Chen98  Y. Chen, A Redundant Virtual Service Redirector for Computer Networks, in Digest of Fast Abstracts: IEEE 28th Annual International Symposium on Fault-Tolerant Computing (FTCS-28), Munich, June 1998, pp. 27 - 28.

hazelhurst98  S. Hazelhurst and A. Fatti and A. Henwood, Binary Decision Diagram Representations of Firewall and Router Access Lists, Department of Computer Science, University of the Witwatersrand, October 1998, Technical Report TR-Wits-CS-1998-3, Proceedings of 1998 South African Institute of Computer Scientists and Information Technology Annual Research and Development Conference.
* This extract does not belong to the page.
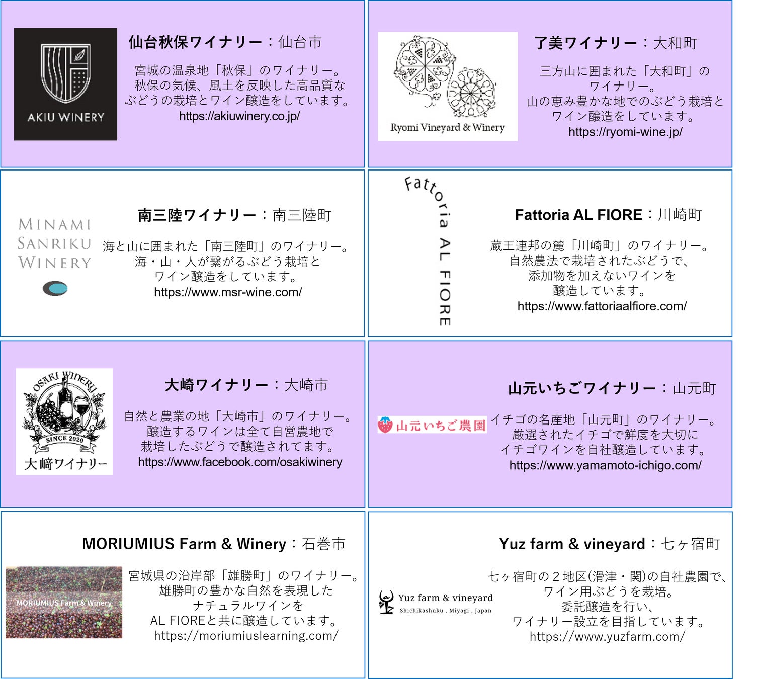 現在、宮城県内にあるワイナリーが一堂に会し、生産者自らがイベント参加者に直接ワインを振舞います。ワインブースでワインを楽しむだけでなく、ワイナリーとの対話もお楽しみいただけます。各ワイナリーから厳選されたワインを試飲でき、今年絞った新酒も登場いたします。また今回は、ニューフェイスである石巻の「MORIUMIUS Farm & Winery」、七ヶ宿の「Yuz farm & vineyard」も参加します。

hazelhurst99  S. Hazelhurst, Algorithms for Analysing Firewall and Router Access Lists, Department of Computer Science, University of the Witwatersrand, July 1999, Technical Report, TR-Wits-CS-1999-5, To appear: South African Networking and Telecommunications Conference, September 1999.

Mateer&Chen99  Roger Mateer and Yinong Chen, Highly-Available Firewall Service Using Virtual Redirectors, Submitted to: South African Institute of Computer Scientists and Information Technology Annual Research and Development Conference, Mount Amanzi, South Africa, 17-19 November 1999.